For this example, we'll be using the astropy affiliated PyVO client, which is interoperable with other valid TAP services, including those at MAST. PyVO documentation is available at ReadTheDocs: https://pyvo.readthedocs.io

We'll be using PyVO to call the most recent version (3) of the Hubble Source Catalog TAP service at MAST. The schema is described within the service, and we'll show how to inspect it. The schema is also the same as the one available via the CasJobs interface, with an additional view added for the most common positional queries.

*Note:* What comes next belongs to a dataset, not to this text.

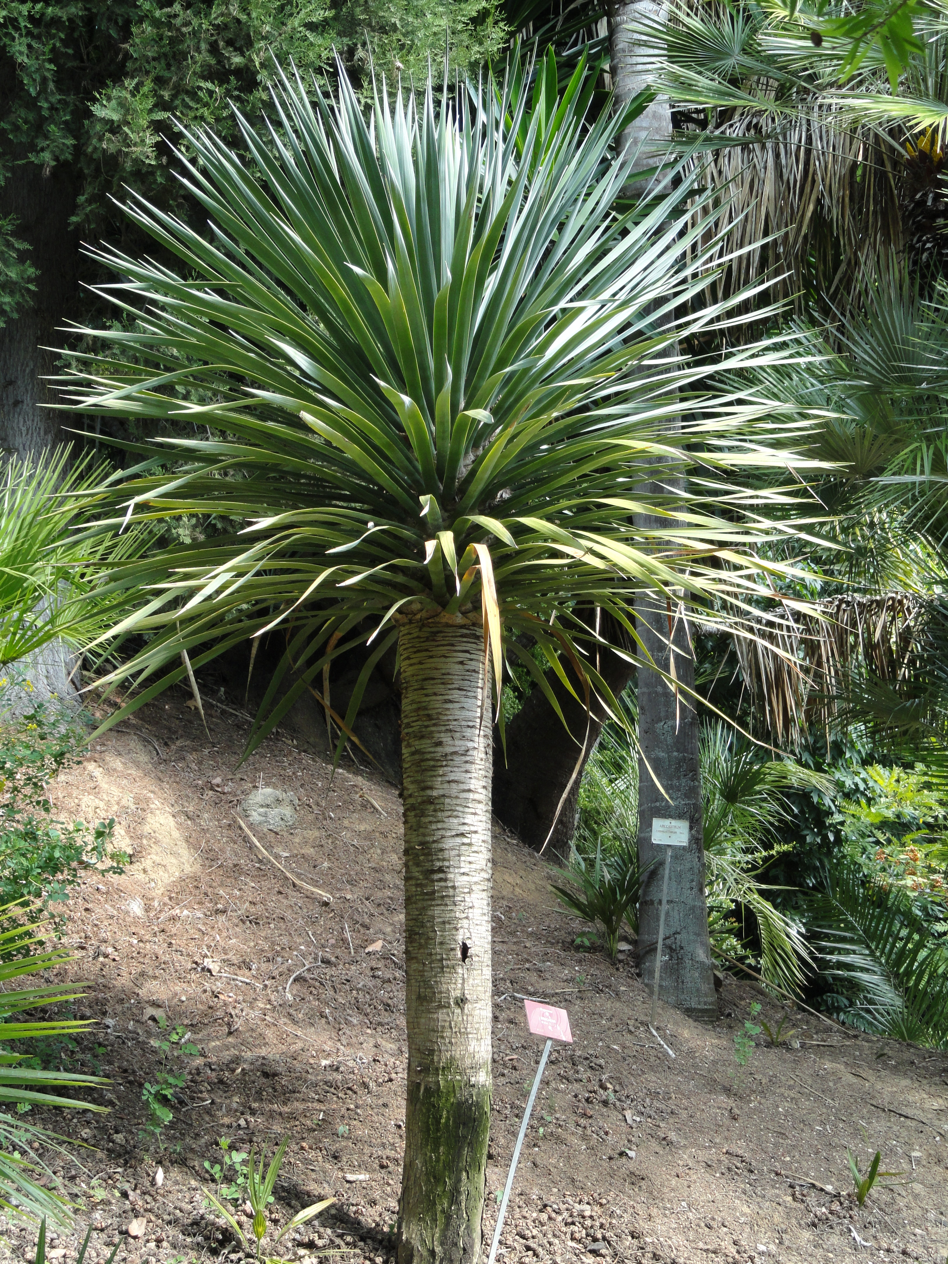 Dracaena draco specimen in the Jardin botanique du Val Rahmeh, Menton, Alpes-Maritimes, France.

CasJobs has its own copy of the schema documentation, which can be accessed through its own site: http://mastweb.stsci.edu/hcasjobs/


Imports

In [1]:
import pyvo as vo

## For handling ordinary astropy Tables in responses
from astropy.table import Table

# For displaying and manipulating some types of results
%matplotlib inline
import requests
import astropy
import numpy as np
import time
from matplotlib import pyplot as plt

# To allow display tweaks for wider response tables
from IPython.core.display import display
from IPython.core.display import HTML

# For the second example: kernel density estimates
from scipy.stats import gaussian_kde


# suppress unimportant unit warnings from many TAP services
import warnings
warnings.filterwarnings("ignore", module="astropy.io.votable.*")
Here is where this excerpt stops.